### Task details
After locating the line that contains "ヒーロー風カッコイイあだ名 | 『ウルトラぷせつかマン』『仮面プセダー』 |", quote it and all lines after it through the end of the entries, and nothing more. Pictures stay out.

^^^^^^^^

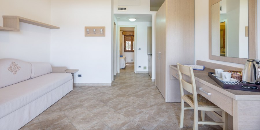 Suite Classic (da 2 a 4 posti letto, di c.a 30 mq), disposte internamente come le superior ma con arredi semplici e funzionali e non dotate di cassaforte, telefono e phon.
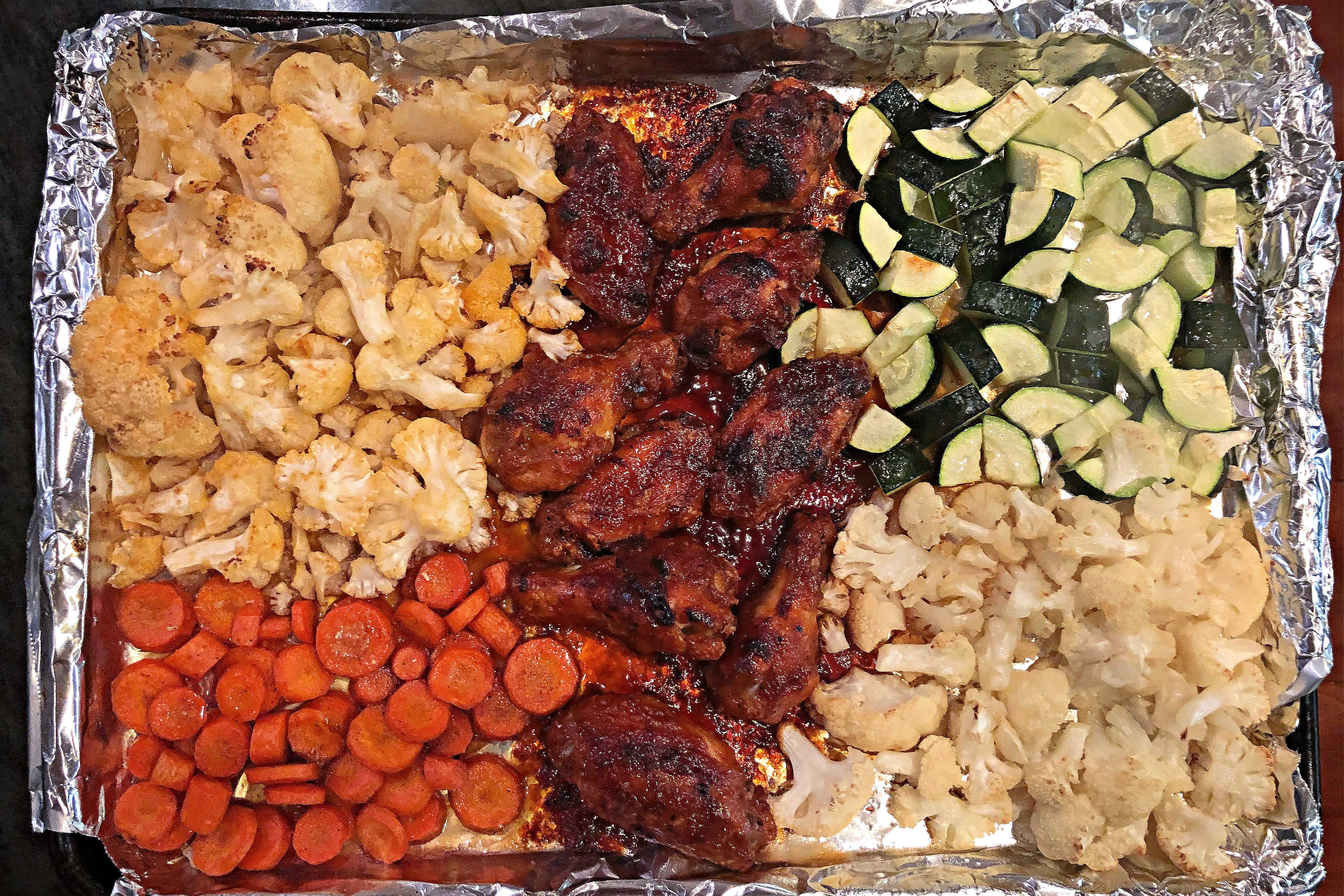 Mix the flour, salt, garlic, and paprika in a bag and shake your wings in it to coat. Spread the wings out on the pan and bake them for 25 minutes. After 25 minutes, take the wings out of the oven, toss them in a bowl with BBQ sauce and honey, and put them back in a line down the middle of the tray. Put your vegetables, seasoned to taste, in each corner, and return it to the oven for another 25 minutes. Serve with a side of rice.
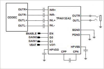 TPA6132A2 (TPA6132) 采用全差動(dòng)輸入,以減少音頻源與耳機(jī)放大器之間的系統(tǒng)噪聲拾取。高電源噪聲抑制性能和差動(dòng)架構(gòu)增加了噪聲抗擾度。對(duì)于單端輸入信號(hào),請(qǐng)將 INL+ 和 INR+ 接地。
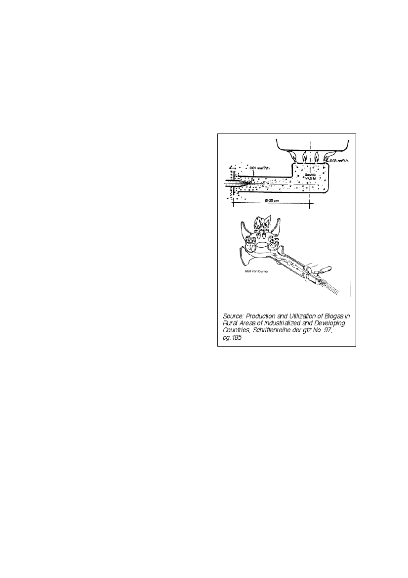lamps. A biogas lamp is only half as efficient as a kerosene lamp. The most efficient way of
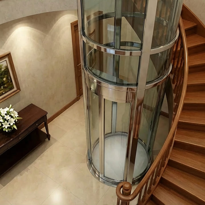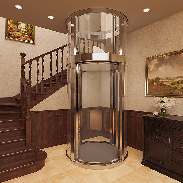 Панорамный шаттл диаметром 1200 мм на 2 этажа, установлен внутри лестничного марша.
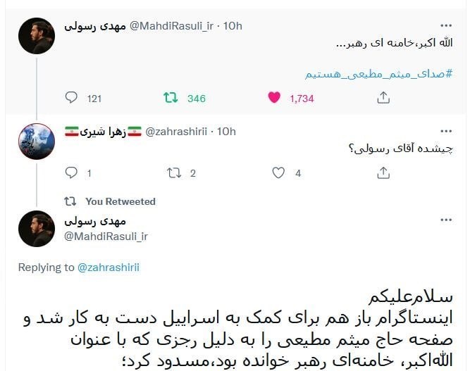 گفتنی است، شب چهارم محرم، رجزی با عنوان «الله اکبر، خامنهای رهبر» در هیئت آیین حسینی توسط حاج میثم مطیعی خوانده شد که این رجز با محوریت تجدید بیعت محور مقاومت و نابودی رژیم صهیونیستی توسط دو شاعر انقلابی محمدمهدی سیار و نور املی از لبنان سروده شده بود که باعث عصبانیت اینستاگرام شده و صبح روز گذشته، برای چندمین بار، صفحه میثم مطیعی را مسدود کرد.
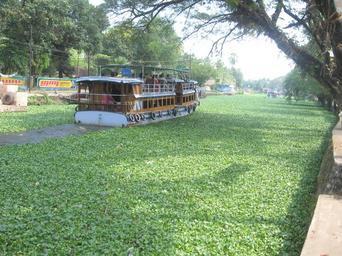 Keywords: Kerala-Backwaters Alppuzha.JPG A ferry wades through water hyacinth in an Alppuzha canal Own 2007-12-24 P K Niyogi Motorboats in India Alappuzha Commuter Boats
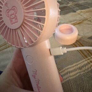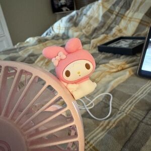 Cute pink handheld fan featuring My Melody design. Perfect for on-the-go cooling.
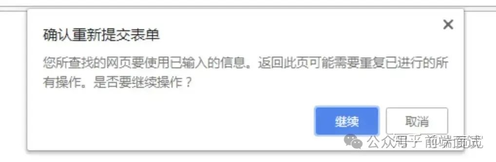 此外如果尝试重新执行POST请求,浏览器也会弹一个框提示下这个刷新可能会有副作用,询问要不要继续。
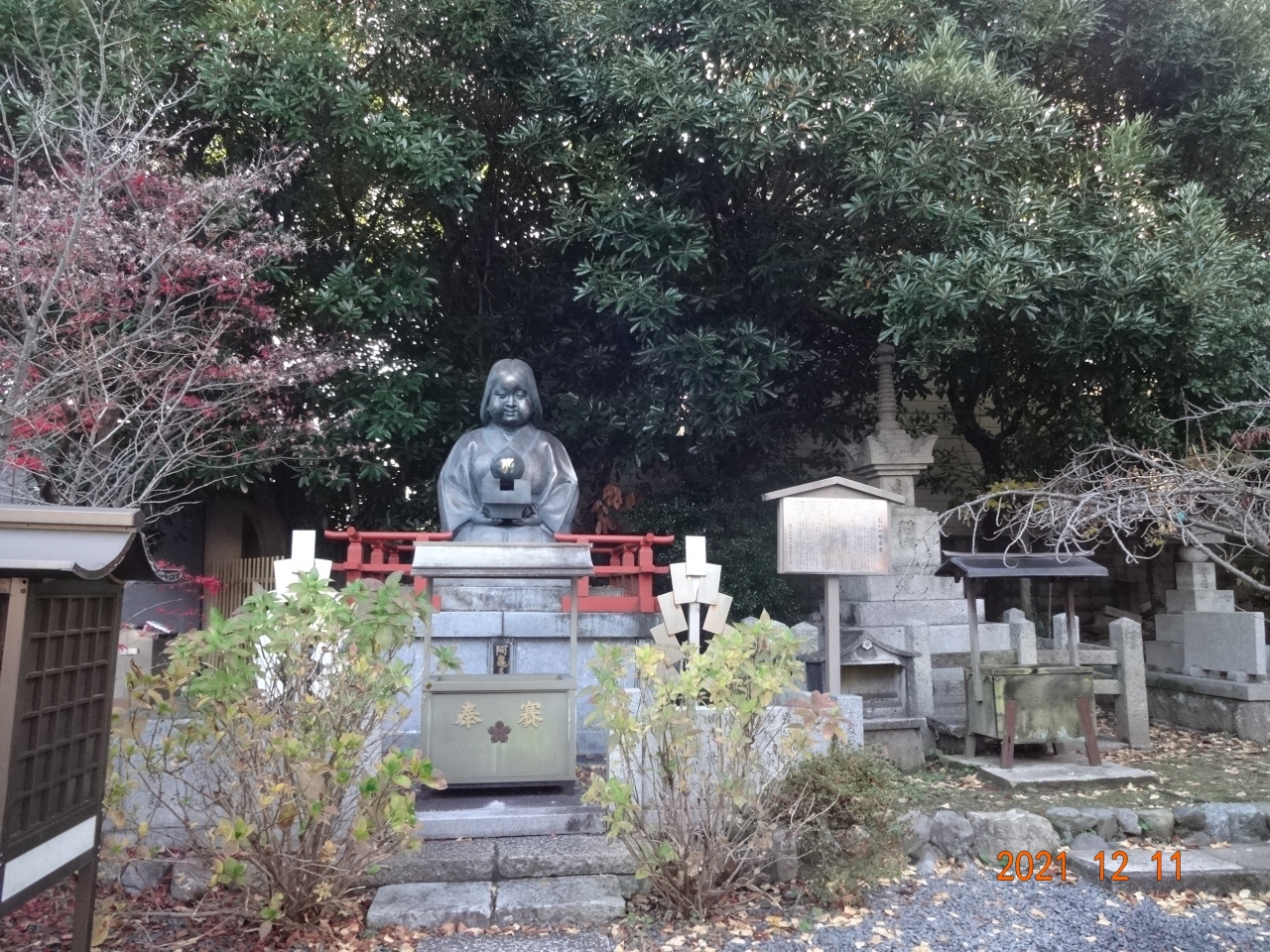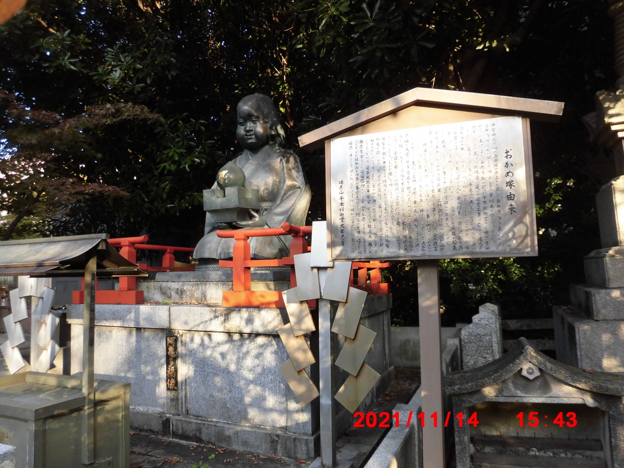 今出川通の上七軒バス停から数分のところに建つ真言宗大報恩寺です。1227年に開創されました。住宅街にあり山門から石畳の参道... 続きを読むを歩いていくとしだれ桜と千本釈迦堂があります。この本堂の前におかめ塚があります。本堂造営の際に、過失で柱を短く切ってしまい悩んでいた棟梁に、妻のおかめが斗栱を使うことを話した結果事なきを得たものの、上棟式の前におかめは自刃し、夫の名声を守ったことから、おかめの徳を偲ぶために建立されました。堂内に全国から奉納されたおかめ像や面などが多数あり、おかめ坐像もありました。本堂の柱に応仁の乱の時につけられた刀と槍の傷跡があり、遠い過去を生々しく感じました。 閉じる
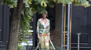 Bianca purta o pereche de pantaloni pana, cu vedere la glezna, de culoare galben pai, o bluza de matase alba, decoltata generos, astfel ca sanii mari si plini i se vedeau de la intrarea in local, si un trench de matase, foarte subtire, inflorat, in tendintele actuale ale modei! La tinuta, vedeta a ales sa isi asorteze o pereche de ochelari de soare mari si scumpi, care ii veneau, pur si simplu, perfect!
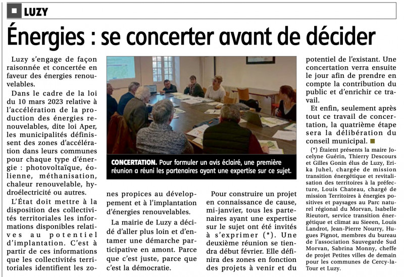 | 22 Janvier 2024 | Énergies : se concerter avant de décider | JDC | Cliquez ici |
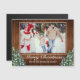 Cartaz de saudação de Natal com sua foto. Madeira marrom russa, fundo nevando e floresta nevada. Cozy Vintage country. Há mais itens disponíveis neste estilo na nossa loja. Você pode editar a design, alterar cores, fontes e adicionar texto extra clicando no link "personalizar mais".
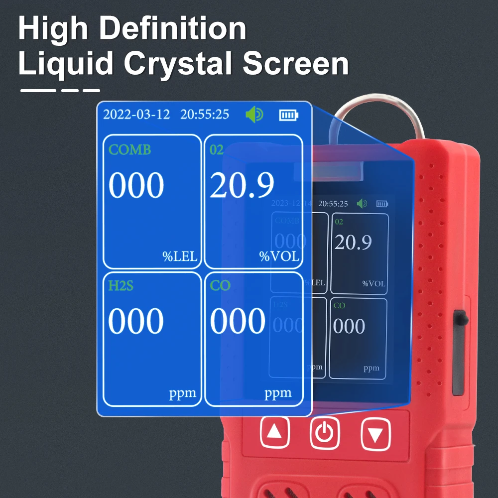 RTTPP Portable 4 in 1 multi Gas Detector LEL H2S CO O2 Oxygen Hydrogen Sulfide Carbon Monoxide Combustible Gas Leak Detector
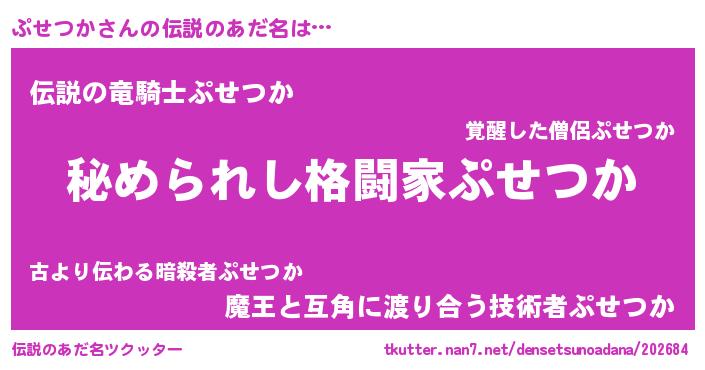 | ヒーロー風カッコイイあだ名 | 『ウルトラぷせつかマン』『仮面プセダー』 |
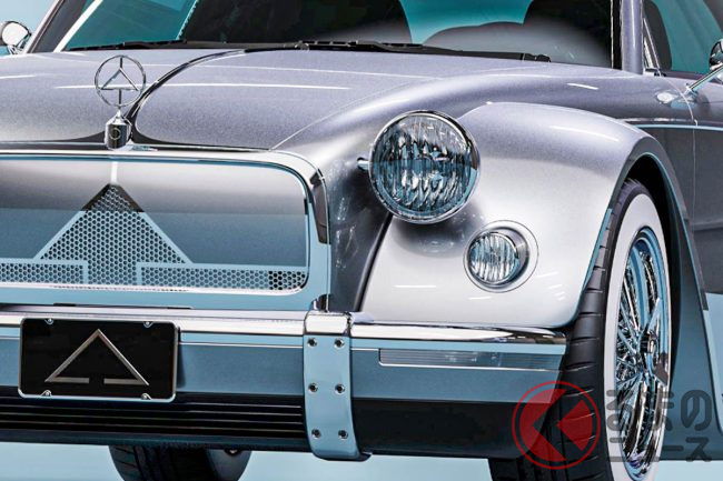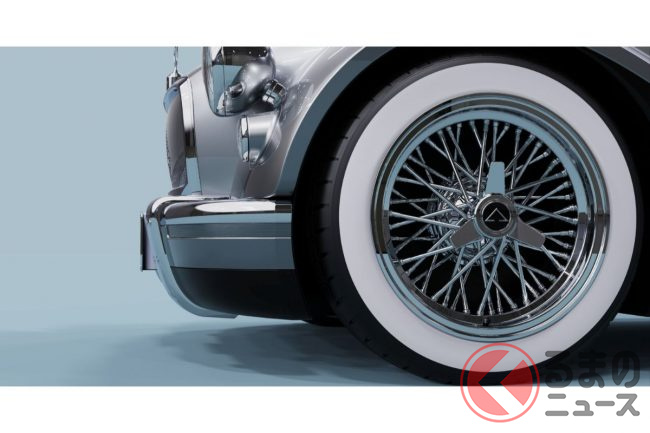 「タイムマシン」と呼ばれるメタリックシルバーの塗装で仕上げられており、ボンネット先端に取り付けられたセンターマスコットやそこからフロントウィンドウまで続くトリム、ワイヤーホイール、ホワイトリングタイヤが古き良き時代の高級車を思わせる雰囲気を漂わせます。

^^^^^^^^

### Answer to this task
 | ヒーロー風カッコイイあだ名 | 『ウルトラぷせつかマン』『仮面プセダー』 |
 「タイムマシン」と呼ばれるメタリックシルバーの塗装で仕上げられており、ボンネット先端に取り付けられたセンターマスコットやそこからフロントウィンドウまで続くトリム、ワイヤーホイール、ホワイトリングタイヤが古き良き時代の高級車を思わせる雰囲気を漂わせます。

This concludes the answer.